Task objective
When you reach the line that contains "3月29日上午,双方在雅浦州", please begin copying, and carry on exactly to the last line of the material, leaving out every picture.

Data shown

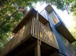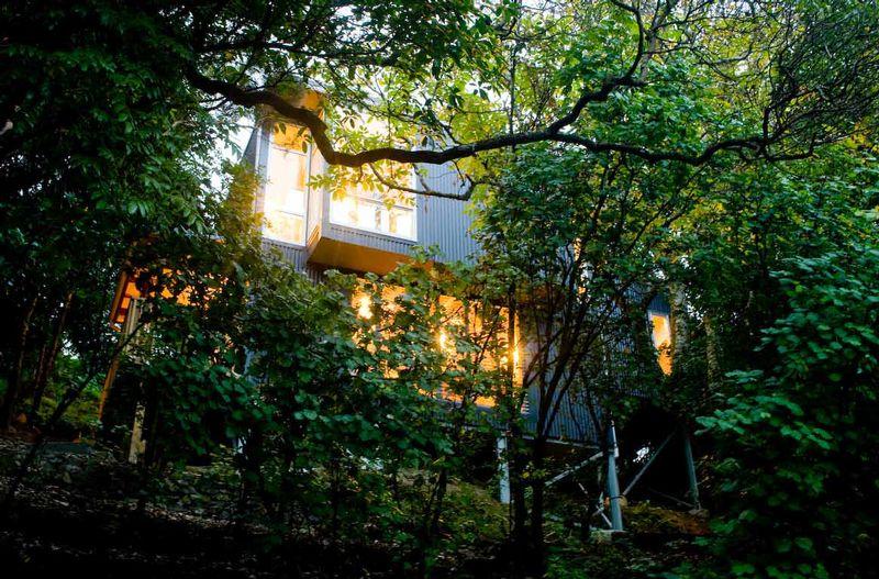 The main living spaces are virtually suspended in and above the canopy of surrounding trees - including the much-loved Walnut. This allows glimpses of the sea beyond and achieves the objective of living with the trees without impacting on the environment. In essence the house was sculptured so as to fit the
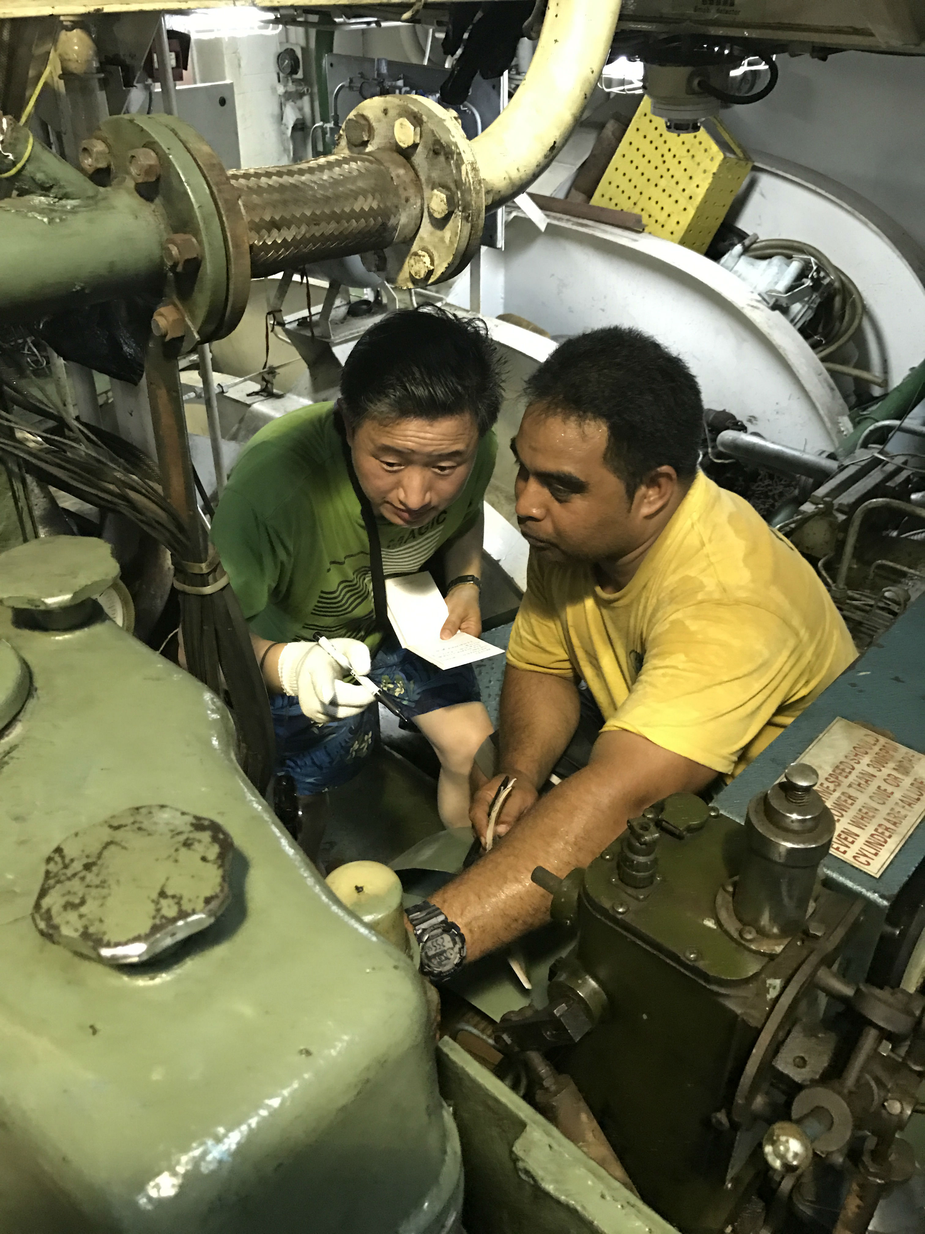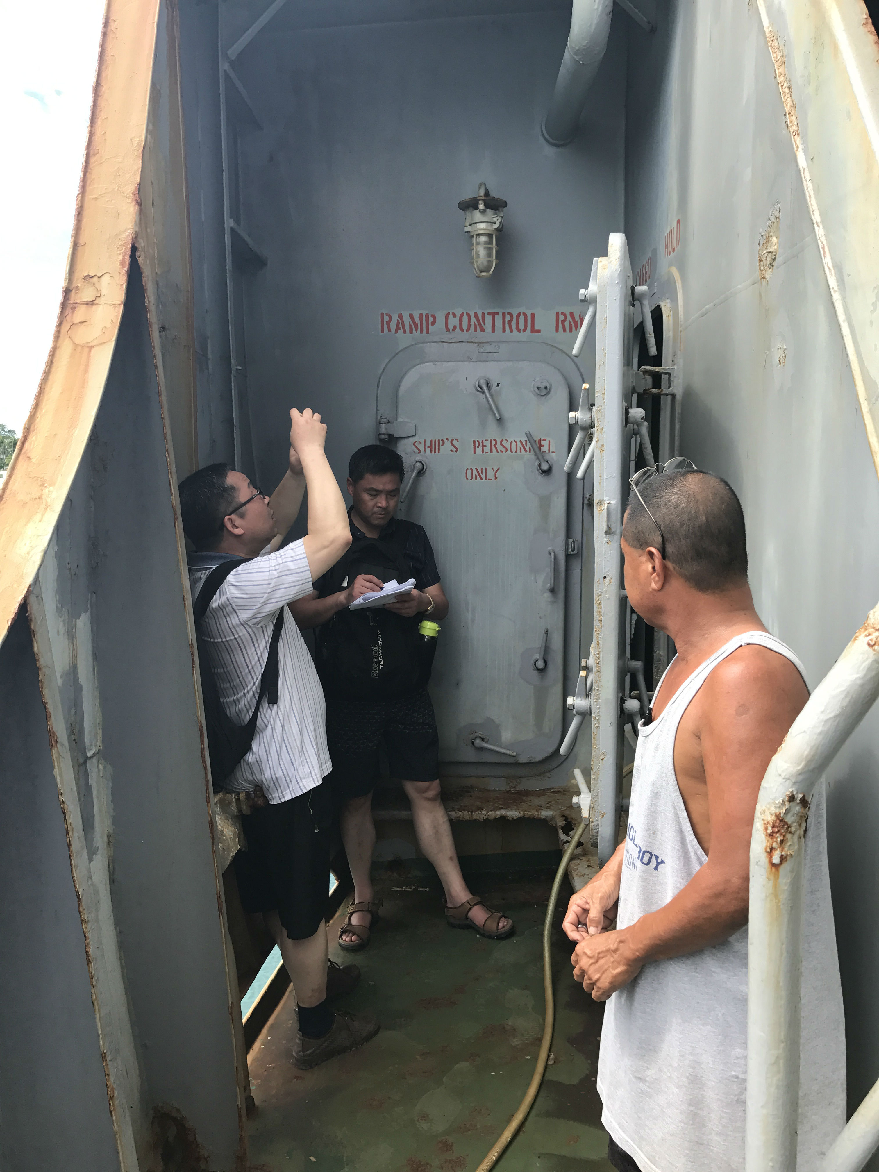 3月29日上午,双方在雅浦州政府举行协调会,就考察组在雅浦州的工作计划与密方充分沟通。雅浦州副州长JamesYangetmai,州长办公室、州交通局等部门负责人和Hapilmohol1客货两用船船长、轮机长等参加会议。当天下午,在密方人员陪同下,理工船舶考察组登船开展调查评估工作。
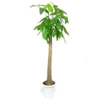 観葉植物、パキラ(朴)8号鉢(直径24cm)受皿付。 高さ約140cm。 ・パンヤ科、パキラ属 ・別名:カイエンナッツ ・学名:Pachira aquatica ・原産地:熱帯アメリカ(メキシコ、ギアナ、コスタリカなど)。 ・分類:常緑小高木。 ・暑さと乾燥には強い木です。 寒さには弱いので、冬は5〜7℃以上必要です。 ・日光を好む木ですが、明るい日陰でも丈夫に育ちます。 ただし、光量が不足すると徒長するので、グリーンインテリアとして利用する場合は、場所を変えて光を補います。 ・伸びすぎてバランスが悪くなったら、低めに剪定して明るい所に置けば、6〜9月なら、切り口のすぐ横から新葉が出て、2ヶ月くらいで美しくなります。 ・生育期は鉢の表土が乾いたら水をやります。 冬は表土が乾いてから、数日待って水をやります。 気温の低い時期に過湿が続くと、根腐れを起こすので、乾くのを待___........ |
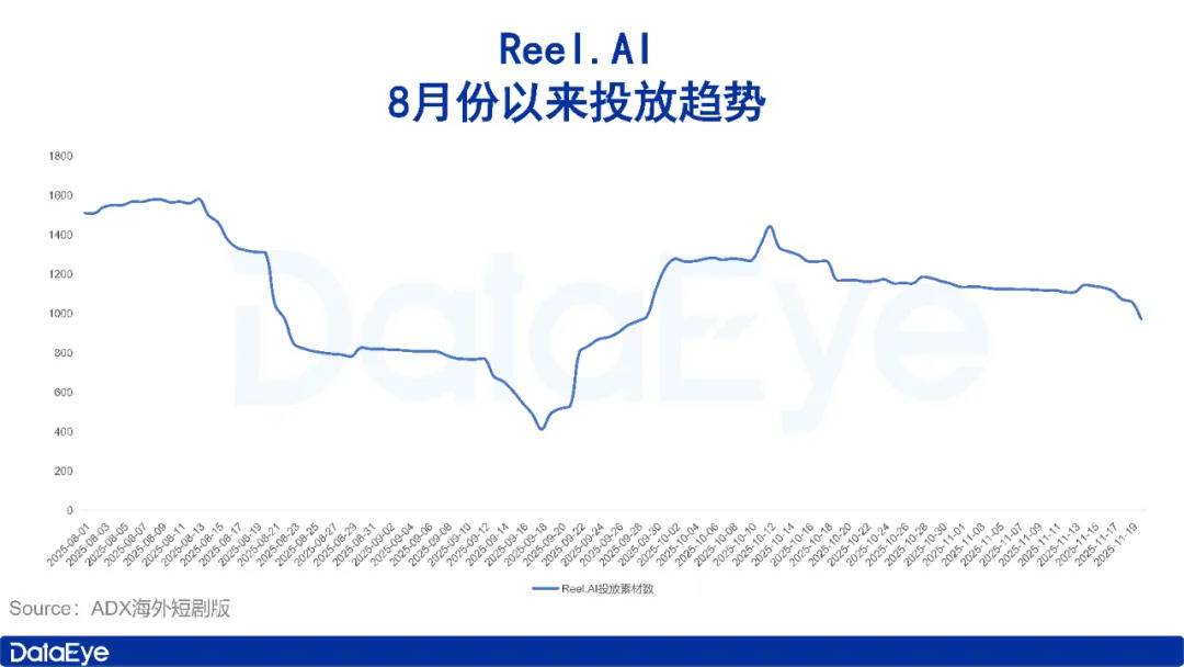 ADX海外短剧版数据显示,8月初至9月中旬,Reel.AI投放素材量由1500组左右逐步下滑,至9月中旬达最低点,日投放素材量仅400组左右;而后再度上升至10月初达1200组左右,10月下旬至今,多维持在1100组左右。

Expected answer
 3月29日上午,双方在雅浦州政府举行协调会,就考察组在雅浦州的工作计划与密方充分沟通。雅浦州副州长JamesYangetmai,州长办公室、州交通局等部门负责人和Hapilmohol1客货两用船船长、轮机长等参加会议。当天下午,在密方人员陪同下,理工船舶考察组登船开展调查评估工作。
 観葉植物、パキラ(朴)8号鉢(直径24cm)受皿付。 高さ約140cm。 ・パンヤ科、パキラ属 ・別名:カイエンナッツ ・学名:Pachira aquatica ・原産地:熱帯アメリカ(メキシコ、ギアナ、コスタリカなど)。 ・分類:常緑小高木。 ・暑さと乾燥には強い木です。 寒さには弱いので、冬は5〜7℃以上必要です。 ・日光を好む木ですが、明るい日陰でも丈夫に育ちます。 ただし、光量が不足すると徒長するので、グリーンインテリアとして利用する場合は、場所を変えて光を補います。 ・伸びすぎてバランスが悪くなったら、低めに剪定して明るい所に置けば、6〜9月なら、切り口のすぐ横から新葉が出て、2ヶ月くらいで美しくなります。 ・生育期は鉢の表土が乾いたら水をやります。 冬は表土が乾いてから、数日待って水をやります。 気温の低い時期に過湿が続くと、根腐れを起こすので、乾くのを待___........ |
 ADX海外短剧版数据显示,8月初至9月中旬,Reel.AI投放素材量由1500组左右逐步下滑,至9月中旬达最低点,日投放素材量仅400组左右;而后再度上升至10月初达1200组左右,10月下旬至今,多维持在1100组左右。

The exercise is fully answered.